▶ _TASK_: For this exercise, the lines from the one with "熊本市で路線バスが軽乗用車に追突 約30人の乗客らにけがなし" through the final line of the data below are to be transcribed exactly, and pictures are to be skipped.

▶ _DATASET EXTRACT_:
--- --- ---

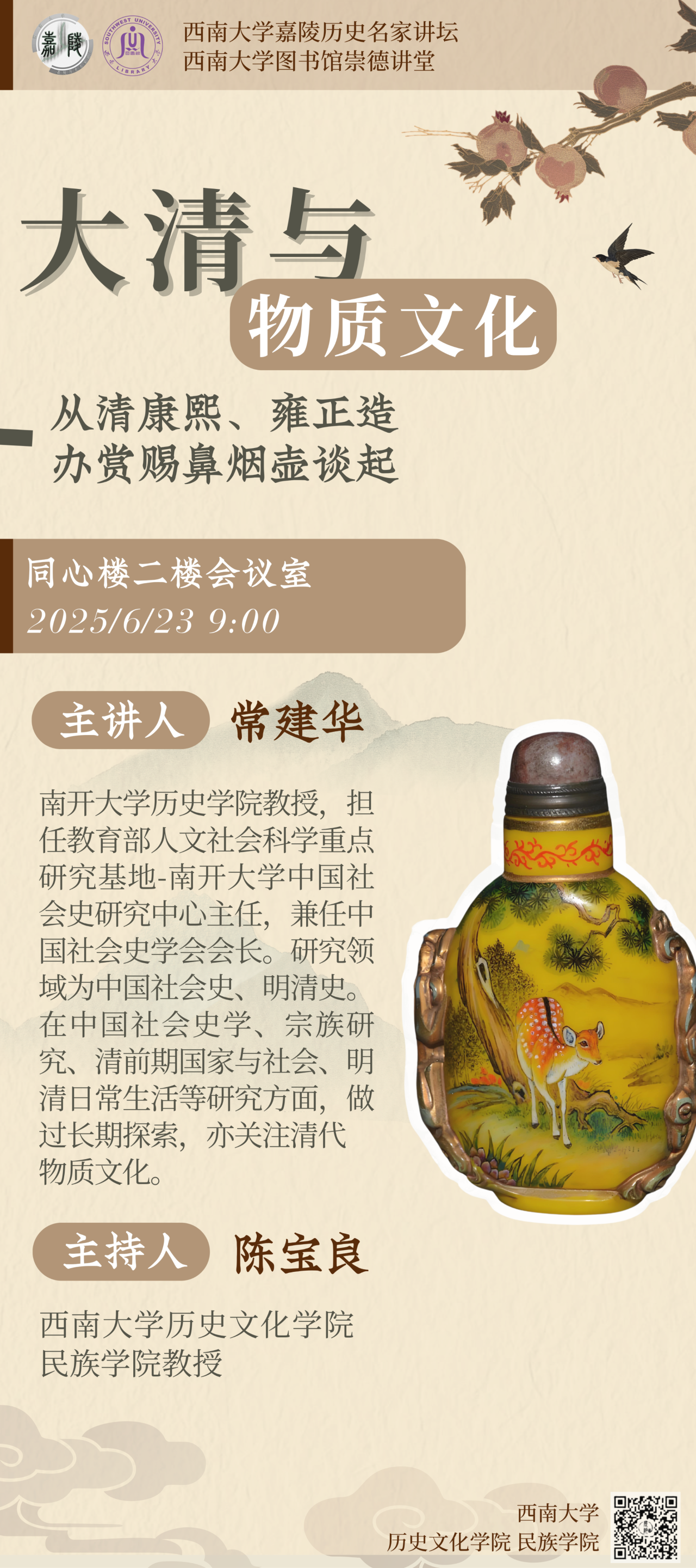 三、主讲人常建华。南开大学历史足球即时比分直播 教授,担任教育部人文社会科学重点研究基地-南开大学中国社会史研究中心主任,兼任中国社会史学会会长。研究领域为中国社会史、明清史。在中国社会史学、宗族研究、清前期国家与社会、明清日常生活等研究方面,做过长期探索,亦关注清代物质文化。
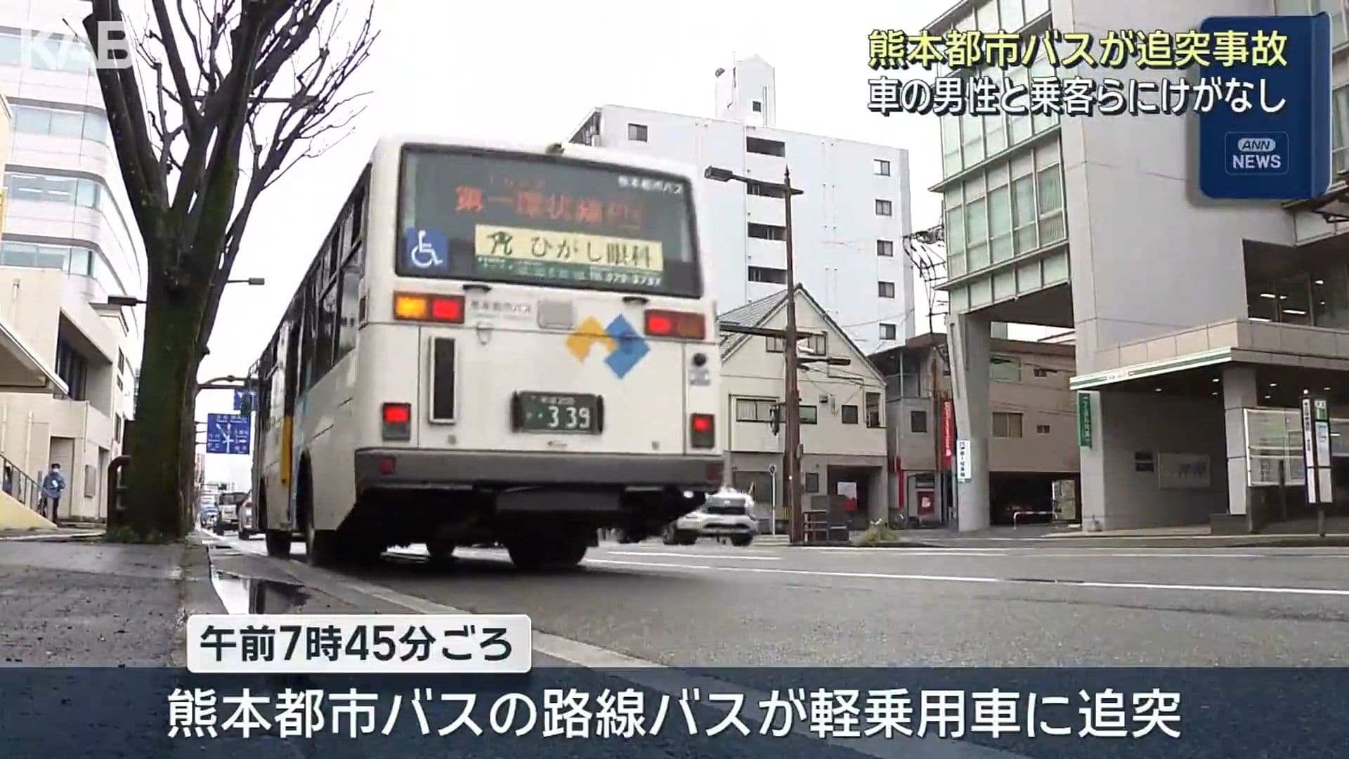 熊本市で路線バスが軽乗用車に追突 約30人の乗客らにけがなし
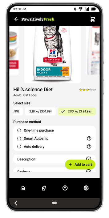 In addition to offering one-time purchases, this app also provides a convenient subscription-based delivery service. Users can choose from fixed schedules or customize delivery according to their pet's specific needs, taking into account factors such as age, gender, breed, and health conditions.
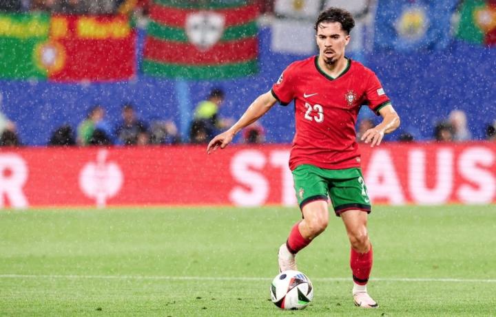 欧洲杯小组赛F组首轮,葡萄牙队2-1逆战捷克队,本场比赛维蒂尼亚首发出战,表现出色,赛后评分8分为全场最高分。

--- --- ---

▶ _EXERCISE ANSWER_:
 熊本市で路線バスが軽乗用車に追突 約30人の乗客らにけがなし
 In addition to offering one-time purchases, this app also provides a convenient subscription-based delivery service. Users can choose from fixed schedules or customize delivery according to their pet's specific needs, taking into account factors such as age, gender, breed, and health conditions.
 欧洲杯小组赛F组首轮,葡萄牙队2-1逆战捷克队,本场比赛维蒂尼亚首发出战,表现出色,赛后评分8分为全场最高分。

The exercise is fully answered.